Eine führende Gruppe von Rad- und Wanderverbänden hat die Forderung nach einem Verbot durch die Regierung unterstützt Parken auf dem Bürgersteig.

Letzten Monat kritisierte der Verkehrsausschuss das Verkehrsministerium (DfT) dafür, dass es keine Maßnahmen gegen das Parken auf dem Bürgersteig ergriffen habe, was seiner Meinung nach „nachteilige Auswirkungen auf das Leben der Menschen habe und zu sozialer Isolation führen könne“.

Die Walking and Cycling Alliance (WACA) – bestehend aus der Bicycle Association, Cycling UK, The Ramblers, British Cycling, Living Streets und Sustrans – hat die Abgeordneten unterstützt, die ein Parkverbot auf dem Bürgersteig fordern.

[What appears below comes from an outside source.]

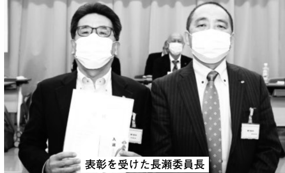
表彰を受けた長瀬委員長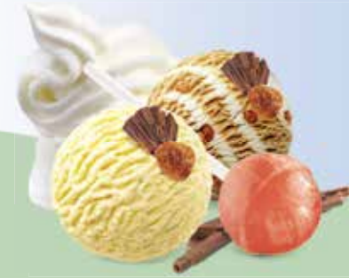
Coupe Pinocchio Vanille- und Caramel-Rahmglace mit Chupa Chup CHF 6.50

„Die Regierung muss dringend auf der Grundlage der Ergebnisse des Berichts des Transport Select Committee handeln, der auf gründlichen Untersuchungen und Beiträgen der Öffentlichkeit basiert“, sagte John Irvin, Geschäftsführer von Living Streets.

„Auf Gehwegen geparkte Autos zwingen Menschen mit Rollstühlen, Eltern mit Kinderwagen und Menschen mit Sehbehinderung auf die Fahrbahn und den Gegenverkehr.“

Im Jahr 2015 versprach die Regierung, sich mit dem Problem des Parkens auf dem Bürgersteig in England zu befassen, das dort illegal ist London seit 1974. Autofahrer können mit einer Geldstrafe von bis zu 100 £ belegt werden, Bezirke können jedoch Gebiete ausweisen, die vom Straßenfahrverbot ausgenommen sind.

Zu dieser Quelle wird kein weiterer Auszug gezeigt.